= Oracle Application Development Framework =

Java framework

Oracle Application Development Framework, usually called Oracle ADF, is a development tool by Oracle Corporation that provides a Java framework for building enterprise applications. It provides visual and declarative approaches to Java EE development. It supports rapid application development based on ready-to-use design patterns, metadata-driven and visual tools.

== Supported technologies ==
Based on the MVC architecture. Oracle ADF can support any combination of the following:

=== Model ===
- Web Services - both SOAP and REST
- TopLink - and EclipseLink
- JavaBeans
- POJO - simple Java classes (Plain Old Java Objects)
- ADF Business components (entity object, view object)
- Portlets
- CSV and XML files
- SQL Queries

=== Controller ===
- JavaServer Faces (JSF)
- ADF Task Flows - extension of the JSF controller layer that adds complete process flow and reusability aspects.
- Struts
- Jspx (JavaServer Pages, XML compliant variation of the JSP standard)

=== View ===
- Swing
- JavaServer Pages (JSP)
- JavaServer Faces (JSF)
- ADF Faces - an Oracle implementation of JavaServer Faces
- Facelets
- ADF Mobile browser - based on Apache Trinidad
- Excel through ADF desktop integration

The Oracle JDeveloper free Integrated Development Environment provides a graphical interface for creating data-management applications using ADF.

Oracle also offers Eclipse based tooling for ADF in Oracle Enterprise Pack For Eclipse.
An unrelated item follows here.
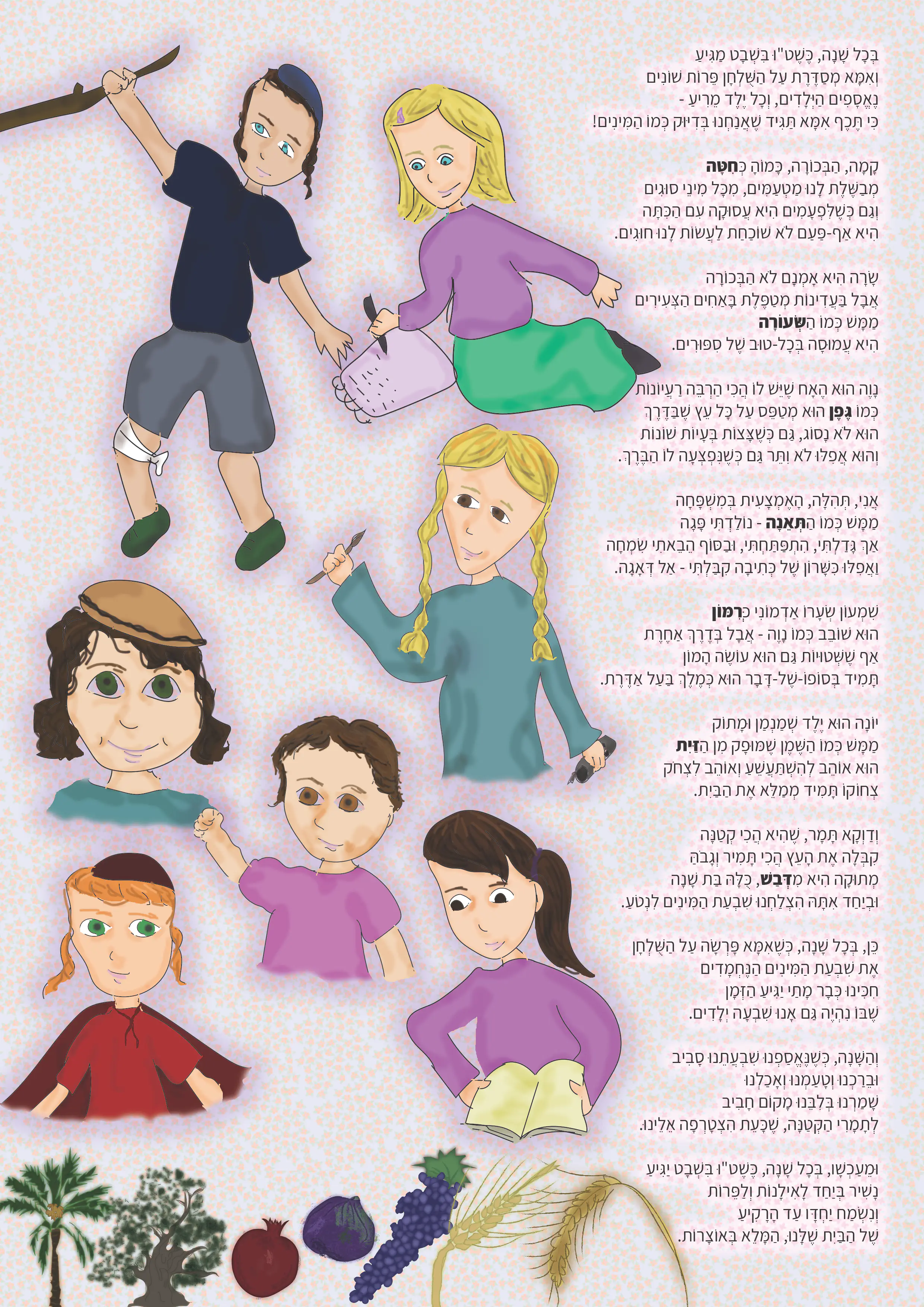 בתחלה מה שיש מ7 המינים (לא אוכלים אצלינו תאנים בגלל תולעים ולא חיטה ושעורה כי אוכלים רק פרי העץ אז יוצא 4) ואז לפי סדר הגיל כל ילד בוחר איזה פרי יאכלו.

Implementers can deploy Oracle ADF applications on Java EE-compliant containers. Oracle WebLogic and IBM WebSphere are officially supported. Users of the free ADF Essentials edition can buy support for these applications on GlassFish.

== History ==
Oracle Corporation has marketed parts of Oracle ADF since 1999 — specifically ADF Business Components — then known as "JBO" and later as "BC4J" ("Business Components for Java").

The current ADF architecture with the generic model/binding layer was introduced with JDeveloper 9.0.5.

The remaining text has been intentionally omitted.